The little boy sat with his great-grandfather and waited anxiously. He saw a soldier coming through the terminal and started to jump up and down. “Papère! It’s him!” When the man got closer, he realized he was wrong. “Darn.” He plopped back down and sat, chin in hands, disappointed.
“Paulie, I told you that when he comes, he’ll come from that way, ” said his vieux-papère, pointing in the opposite direction. “Now sit down and be patient, cher.”
“Papère, I don’t know HOW to be patient.”
“I’ve noticed that,” the old man said with a grin. “But try, anyway.”
“Okay.” Paulie leaned against him and sighed. “Papère, can I ask you something?”
“Maybe.” Paul surveyed his namesake with concern. T’is little fellow has no off-switch on his curiosity and one day he’s going to ask the wrong person the wrong question. Just that afternoon, Paulie had been puzzled by the appearance of a very large man with multiple piercings and tattoos. Before his great-grandfather could stop him, Paulie started with the questions. Fortunately, despite his fierce appearance, the big man was quite kind and had handled the child’s shower of interrogatives with patience, to the older man’s relief. My elephant’s child, he thought, shaking his head with amusement. Oh, Paulie, what are we going to do wit’ you?
“What did you want to know?” Just then, his cell phone rang. Dratted technology. He reached for it, and was bemused when Paulie grabbed it first and stared at the caller ID. He recognized the number and sagged in relief. “It’s just Mamère Amelie”.

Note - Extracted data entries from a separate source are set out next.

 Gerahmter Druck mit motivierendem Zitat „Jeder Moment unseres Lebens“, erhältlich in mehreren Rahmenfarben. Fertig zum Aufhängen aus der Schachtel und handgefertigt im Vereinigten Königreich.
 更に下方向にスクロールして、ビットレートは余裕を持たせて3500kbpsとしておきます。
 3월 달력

Paul took it from him and answered it, quizzically surveying the little boy. He explained to his daughter that no, her grandson had not yet arrived, and yes, Paulie was fine and he was fine and that she should just quit worrying. “I’ll call you when we see him; just go on and help Cherry get dinner ready for when we get back.”

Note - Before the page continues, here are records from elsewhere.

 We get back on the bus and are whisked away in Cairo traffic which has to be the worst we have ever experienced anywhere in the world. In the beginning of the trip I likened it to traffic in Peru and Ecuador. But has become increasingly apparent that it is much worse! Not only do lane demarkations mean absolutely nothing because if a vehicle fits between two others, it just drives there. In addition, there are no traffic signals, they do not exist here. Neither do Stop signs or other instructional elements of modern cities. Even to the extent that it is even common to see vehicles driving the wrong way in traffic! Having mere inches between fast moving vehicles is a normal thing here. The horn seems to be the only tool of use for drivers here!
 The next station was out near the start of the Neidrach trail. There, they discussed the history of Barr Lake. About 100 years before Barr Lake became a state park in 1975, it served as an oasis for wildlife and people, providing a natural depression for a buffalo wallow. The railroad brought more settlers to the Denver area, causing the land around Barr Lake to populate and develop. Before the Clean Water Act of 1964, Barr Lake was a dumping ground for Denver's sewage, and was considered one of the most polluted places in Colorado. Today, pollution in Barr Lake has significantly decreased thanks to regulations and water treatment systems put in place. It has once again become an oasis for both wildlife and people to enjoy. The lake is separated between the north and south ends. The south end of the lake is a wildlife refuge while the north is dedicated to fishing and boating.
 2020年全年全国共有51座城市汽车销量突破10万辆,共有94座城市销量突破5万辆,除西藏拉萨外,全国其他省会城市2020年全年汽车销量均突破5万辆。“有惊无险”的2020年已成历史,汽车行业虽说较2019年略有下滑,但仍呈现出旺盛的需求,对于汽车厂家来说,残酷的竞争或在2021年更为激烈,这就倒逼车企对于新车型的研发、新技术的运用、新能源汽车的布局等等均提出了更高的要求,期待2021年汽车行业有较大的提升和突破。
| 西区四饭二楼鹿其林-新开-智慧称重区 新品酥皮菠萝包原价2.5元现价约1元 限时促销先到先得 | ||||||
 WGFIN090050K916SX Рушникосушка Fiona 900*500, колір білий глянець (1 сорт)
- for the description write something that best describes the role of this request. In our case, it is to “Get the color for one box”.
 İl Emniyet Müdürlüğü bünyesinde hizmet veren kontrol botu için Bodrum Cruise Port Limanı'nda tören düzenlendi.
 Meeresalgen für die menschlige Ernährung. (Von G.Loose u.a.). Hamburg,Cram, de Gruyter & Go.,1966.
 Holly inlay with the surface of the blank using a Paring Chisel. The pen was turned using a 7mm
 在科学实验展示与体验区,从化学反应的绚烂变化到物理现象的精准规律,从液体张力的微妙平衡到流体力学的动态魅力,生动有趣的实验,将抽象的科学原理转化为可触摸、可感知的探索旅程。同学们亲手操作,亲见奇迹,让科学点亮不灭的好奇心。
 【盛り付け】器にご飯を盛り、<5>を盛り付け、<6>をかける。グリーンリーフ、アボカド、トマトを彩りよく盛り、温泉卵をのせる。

He chuckled at her pretend-meek “Oui, Papa” and hung up.
“Paulie, what was that all about? Why did you grab t’e cell phone?”

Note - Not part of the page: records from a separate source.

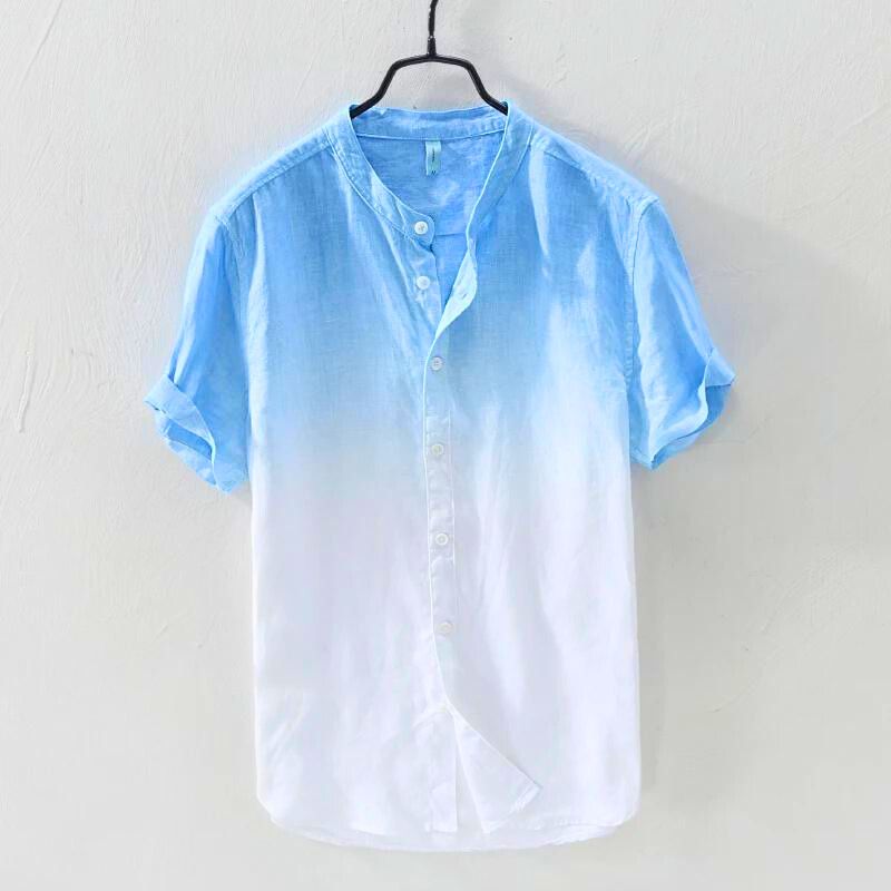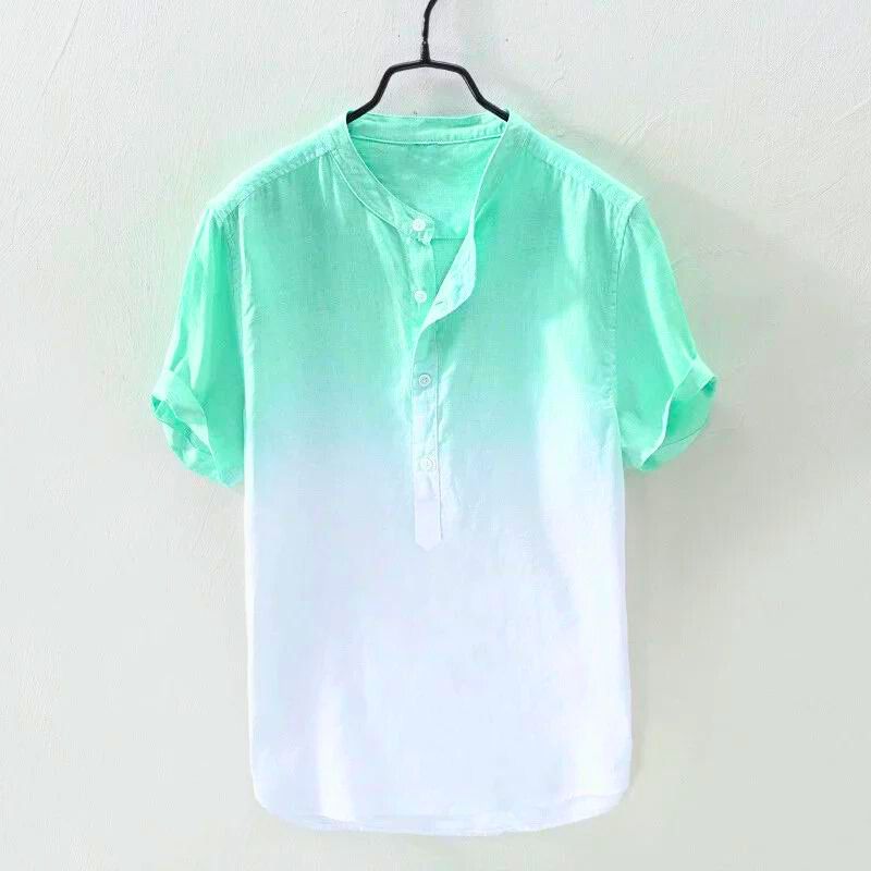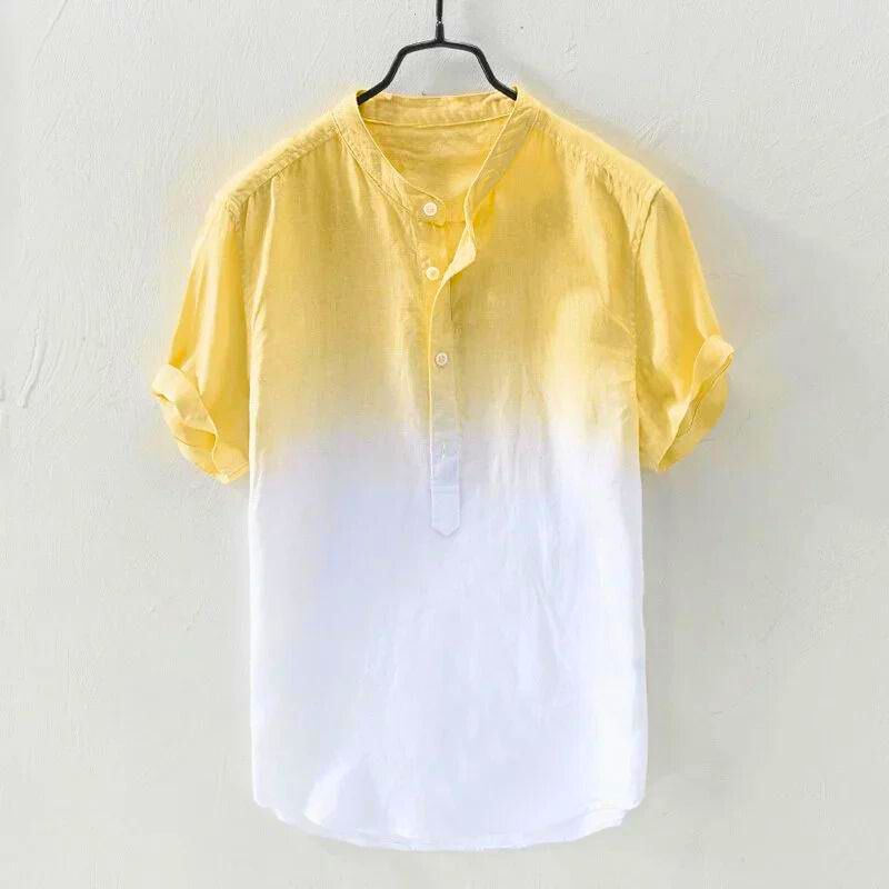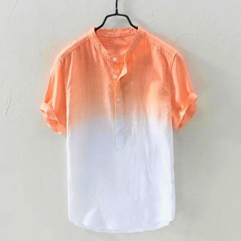 Seamless transition from vibrant hues to crisp white, this shirt is made from 100% organic linen, perfect for a stylish yet casual look.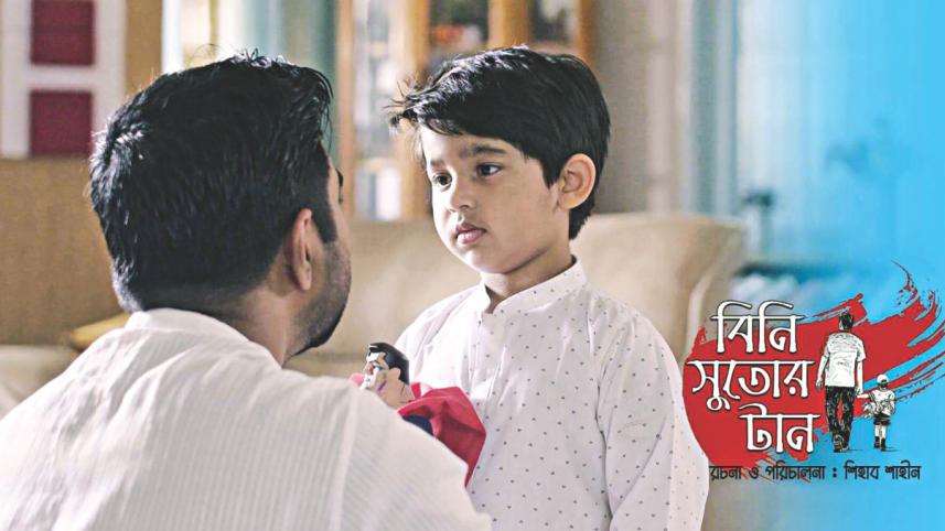 Even though Apurba is arguably the most sought after television star in the industry today, he is upstaged by the adorable debut of his son Zayyan Ayyash in the upcoming telefilm Bini Shutor Taan. The telefilm is directed by Shihab Shaheen. The recently released trailer shows the intense dynamics of the father-son relationship after the mother, played by Zakia Bari Mamo, dies in a tragic accident. The telefilm also features Hasan Imam, Laila Hasan, Pavel Islam, Rajib Saleheen, Manzurul Karim and others. Bini Shutor Taan will be broadcast on Channel 9 at 2:30 pm on the second day of Eid.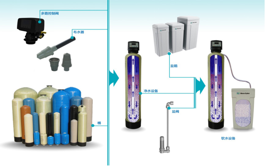 As a novel component for water industry covering residential, commercial and industrial applications, composite pressure tank is an ideal water treatment loading container and reaction container with excellent electrical insulation, corrosion resistant and heat insulation performance. It is most commonly used as the core component of purification and softening machine. If filled with various kinds of filtration media, composite pressure tank could be used for preparation of softened water, drinking water, pure water or ultra-pure water for industrial applications. If filled with filter material such as active carbon or quartz sand, it could be used to remove suspending matters, organic pollutants, heavy metal ions for pre-purification of water; If filled with exchanging agents such as ion exchange resin, it could be used for removing selected ions. The most common use is removing calcium and magnesium ions in water for softening.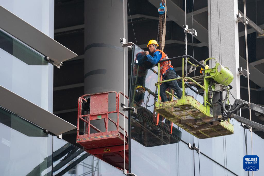 5月1日,工人在中建三局承建的福耀科技大学(暂名)图书馆外立面幕墙施工作业(无人机照片)。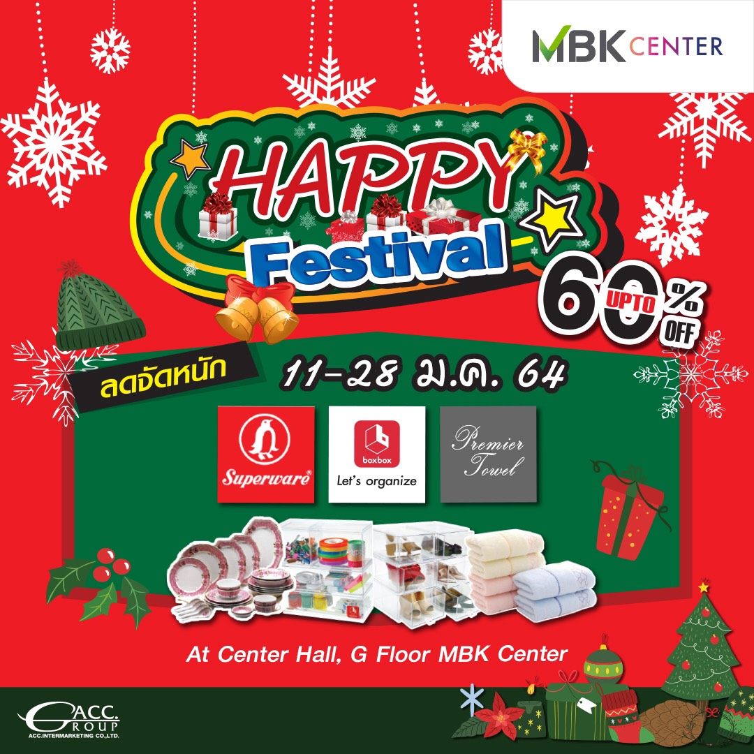 มิติหุ้น – ศูนย์การค้า เอ็ม บี เค เซ็นเตอร์ เอาใจคนรักบ้านในงาน HAPPY Festival มหกรรมสินค้าราคาถูกกับสินค้าเครื่องใช้ในครัวเรือน ยกขบวนนำมาลดราคาสุดพิเศษกว่า 80 % ตั้งแต่วันนี้ถึง 28 มกราคม 2564 ชั้น G ลานเซ็นเตอร์ ฮอลล์ อาทิ เครื่องครัว จาน ชาม เมลามีน จาก ศรีไทยซุปเปอร์แวร์ ลดเฉลี่ย 40-70% พลาสติก กล่องอเนกประสงค์ ของใช้เบ็ดเตล็ดในครัวเรือน จาก นำง่ายฮง ราคาเริ่มต้นเพียง 99 บาท นอกจากนี้ยังมี ผ้าขนหนู ผ้าห่ม ผ้านวม สินค้าคุณภาพส่งออกราคาโรงงาน เริ่มต้นเพียง 50 บาท เสื้อสูท เสื้อโคท เสื้อผ้าบูติกสตรี ราคาพิเศษเริ่มต้นเพียง 150 บาทเท่านั้น

The little boy sat on the edge of the plastic chair, legs kicking, staring at the ground. “Well …”
“Denis said you were old.”
Paul nodded. “Yes, I am. Your big brother is right about t’at.”
“And he said old people die. But Papère –, ” he said, all in a rush, “I don’t want you to die. You — you haven’t taught me everything you know!” He finished, still not able to meet the old man’s eyes. “And I’d miss you. You’re my vieux-papère. Mine. I don’t want God to have you yet.”
God. Ah, I t’ink I understand. “Did Denis tell you that when God calls me, I have to go?”
Paulie nodded earnestly. “Oui! So I t’ought if I answered t’e phone first, I’d tell God he’d just have to wait because Paulie LeMercier needs his vieux-papère. And t’en I’d hang up. So t’ere!”
If it had been anyone else but Paulie, the older Paul would have thrown his head back and laughed until he cried. But he knew this was deadly serious for the little one and he wanted to help him understand.
“Cher, it’s not t’at kind of a call.”
“One day, when it’s time, I’ll die, yes. But I don’t believe dying means that I end. I think we continue, only differently.”
“But I won’t see you. You won’t take me shrimping or show me how to whittle,” the little boy said earnestly, eyes screwed up against threatened tears.
The old man put his arm around the little boy. “I understand, Paulie. I miss my Papère aussi, and my papa et mama, and my Nonc Pierre, all of them. It’s okay to be sad when it happens. But you must go on. A little bit of me will always be wit’ you. Did you know you look just like me when I was your age?”
“You do. And one day very long from now, you’ll sit with your great-grandson, and maybe he will be named Paulie, too, and you’ll tell him what I just told you. And he’ll carry on for me and you, and my Nonc Pierre and his uncle — all of us will live through him. And until that day, we live through you.”
Paulie looked at him. “When you go — wherever you go — will you remember me?”
“I promise, cher. How could I ever forget you?”
“I won’t forget you either. I promise, too.”
“Good.” Paul tapped him on the shoulder. He gestured down the concourse. “Look who’s here.”
“Andre!” The little boy jumped up and ran to his brother.
Paul glanced up and saw the departure board. One day soon, Bon Dieu. I know t’at. But not today, eh? He stood carefully and headed slowly toward his great-grandsons.